YOUR GOAL:
Would you copy the listing below exactly, keeping the pictures out?
[[ INFORMATION PROVIDED, beginning ]]
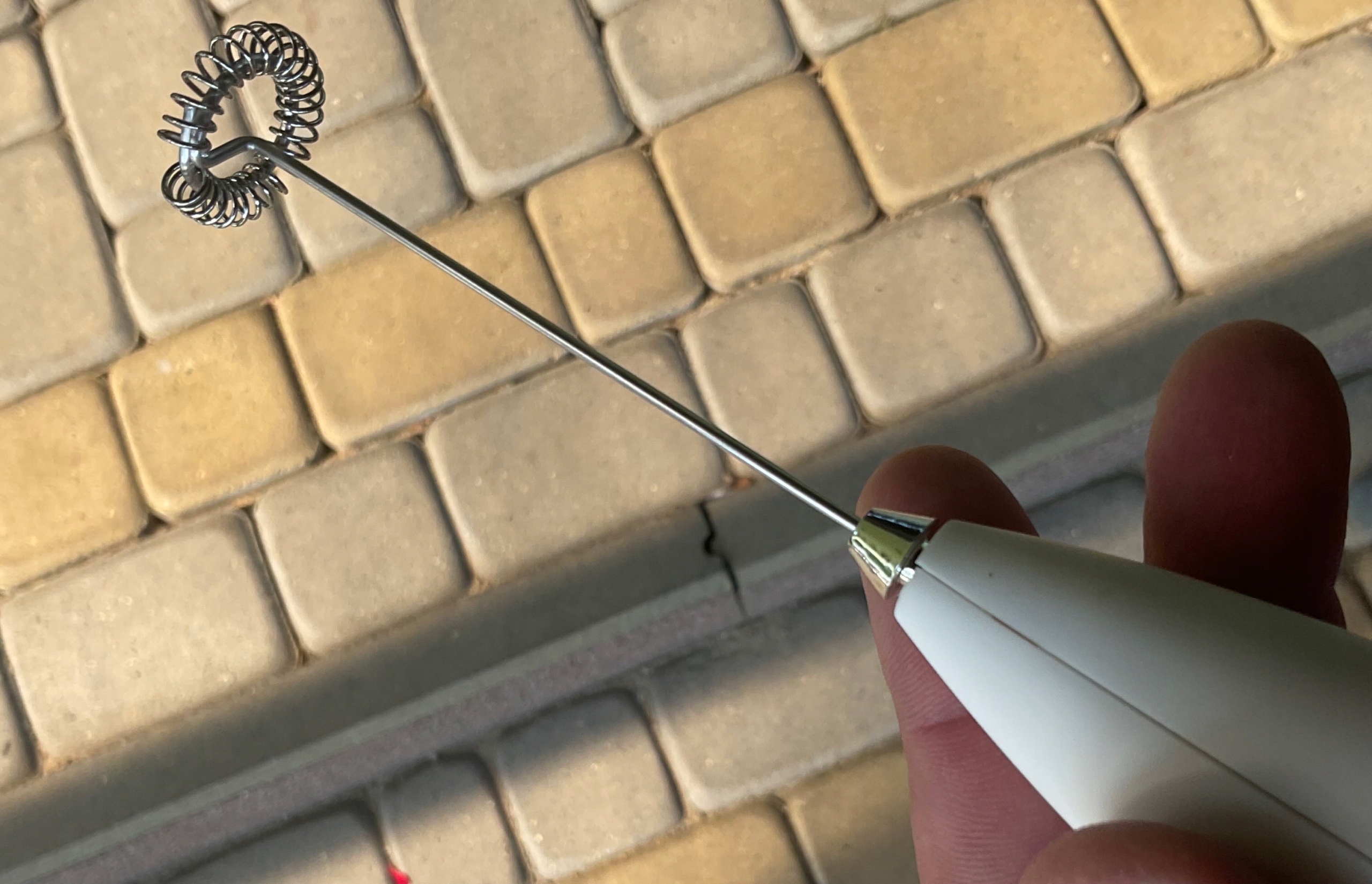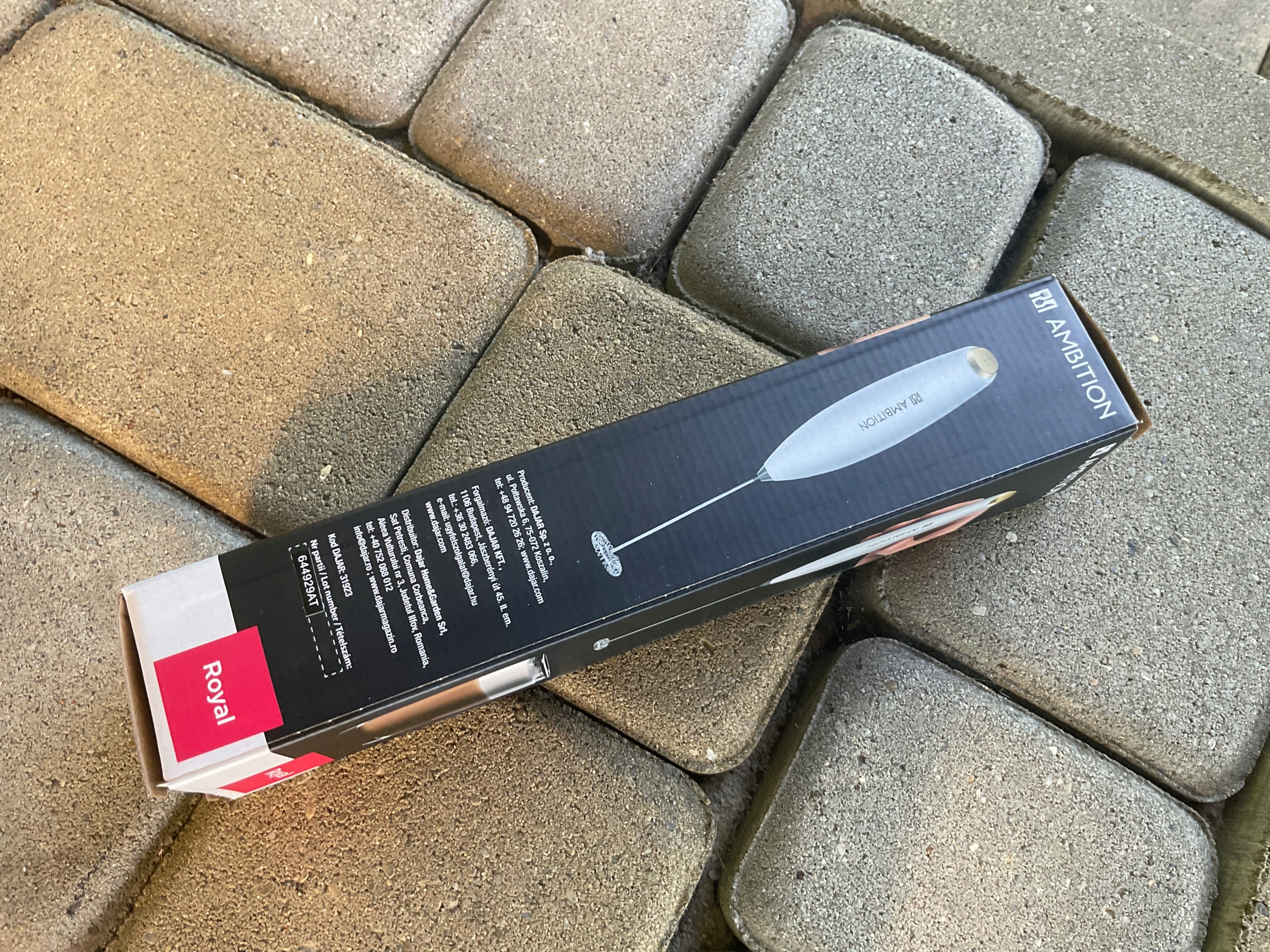 Була виготовлена з нержавіючої сталі. 2 батареї AA ; 1.5 В (вони не включені в набір)
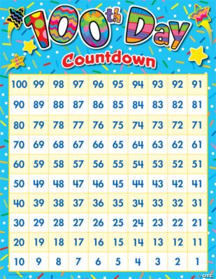 5 Best Images of From 100 Countdown Printable Printable 100 Day Countdown Chart, 100 Day
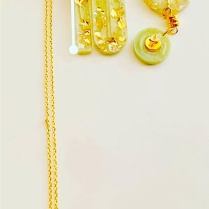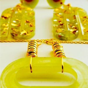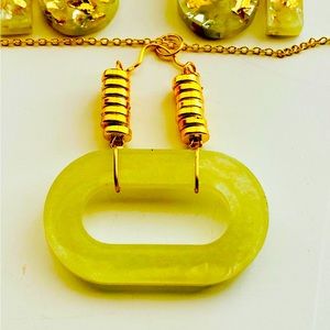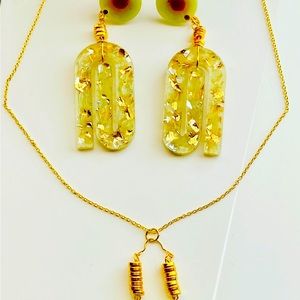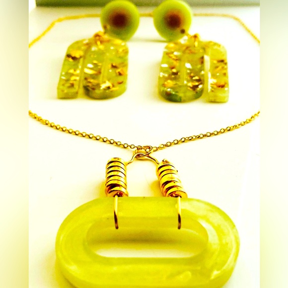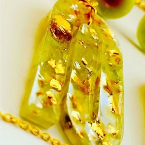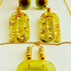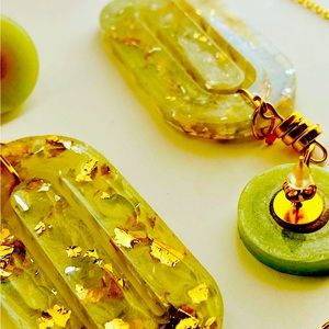 Handmade resin set - green apple pigment with silver and gold flakes for a glam and sophisticated look. Very lightweight.
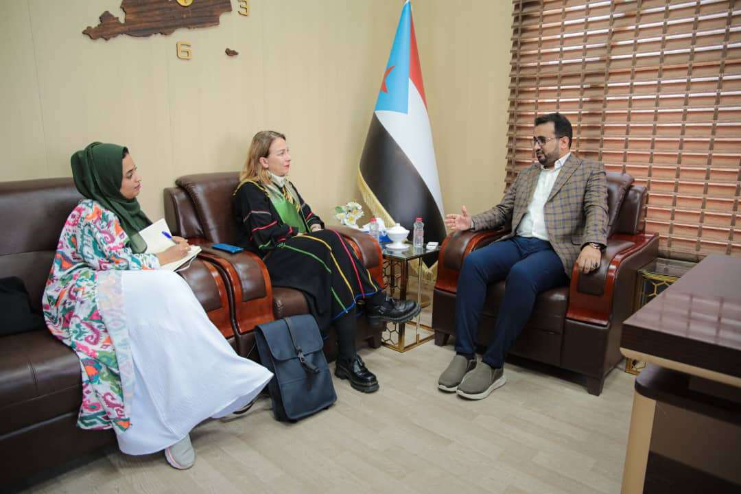 التقى سالم ثابت العولقي رئيس الهيئة الوطنية للإعلام المتحدث الرسمي باسم المجلس الانتقالي الجنوبي اليوم في مكتبه بالعاصمة عدن السيدة شايدا حسن المدير العام لمنظمة المساعدات الإنسانية والصحافة الفرنسية. وفي اللقاء أكد العولقي أننا حريصون على التنسيق والتعاون مع كل المنظمات الدولية العاملة في مختلف المجالات ، مشير إلى ان الاستقرار الذي تعيشه العاصمة عدن يجعل منها البيئة الأمثل للعمل المدني والإنساني. وأشار العولقي إلى أن عدن ومدن الجنوب تستحق الكثير من فرص التأهيل وبناء القدرات للشباب والشابات الجنوبيين نظرا للأوضاع الاقتصادية والمعيشية الصعبة التي يعيشونها، منوها بأهمية التوجه نحو تأهيل الكوادر الاكاديمية وطلاب كلية الاعلام بجامعة عدن في برامج المنظمة. من جانبها استعرضت السيدة شايدا حسن برنامج عمل منظمة المساعدات الإنسانية والصحافة ومشاريعها الحالية والمستقبلية ، مؤكدة أن العاصمة عدن هي المكان المناسب لإقامة الدورات باعتبارها الحاضنة لكل مدن الجنوب ومختلف الشرائح وخاصة المرأة.
[[ INFORMATION PROVIDED, end ]]
RESPONSE TO THE EXERCISE:
 Була виготовлена з нержавіючої сталі. 2 батареї AA ; 1.5 В (вони не включені в набір)
 5 Best Images of From 100 Countdown Printable Printable 100 Day Countdown Chart, 100 Day
 Handmade resin set - green apple pigment with silver and gold flakes for a glam and sophisticated look. Very lightweight.
 التقى سالم ثابت العولقي رئيس الهيئة الوطنية للإعلام المتحدث الرسمي باسم المجلس الانتقالي الجنوبي اليوم في مكتبه بالعاصمة عدن السيدة شايدا حسن المدير العام لمنظمة المساعدات الإنسانية والصحافة الفرنسية. وفي اللقاء أكد العولقي أننا حريصون على التنسيق والتعاون مع كل المنظمات الدولية العاملة في مختلف المجالات ، مشير إلى ان الاستقرار الذي تعيشه العاصمة عدن يجعل منها البيئة الأمثل للعمل المدني والإنساني. وأشار العولقي إلى أن عدن ومدن الجنوب تستحق الكثير من فرص التأهيل وبناء القدرات للشباب والشابات الجنوبيين نظرا للأوضاع الاقتصادية والمعيشية الصعبة التي يعيشونها، منوها بأهمية التوجه نحو تأهيل الكوادر الاكاديمية وطلاب كلية الاعلام بجامعة عدن في برامج المنظمة. من جانبها استعرضت السيدة شايدا حسن برنامج عمل منظمة المساعدات الإنسانية والصحافة ومشاريعها الحالية والمستقبلية ، مؤكدة أن العاصمة عدن هي المكان المناسب لإقامة الدورات باعتبارها الحاضنة لكل مدن الجنوب ومختلف الشرائح وخاصة المرأة.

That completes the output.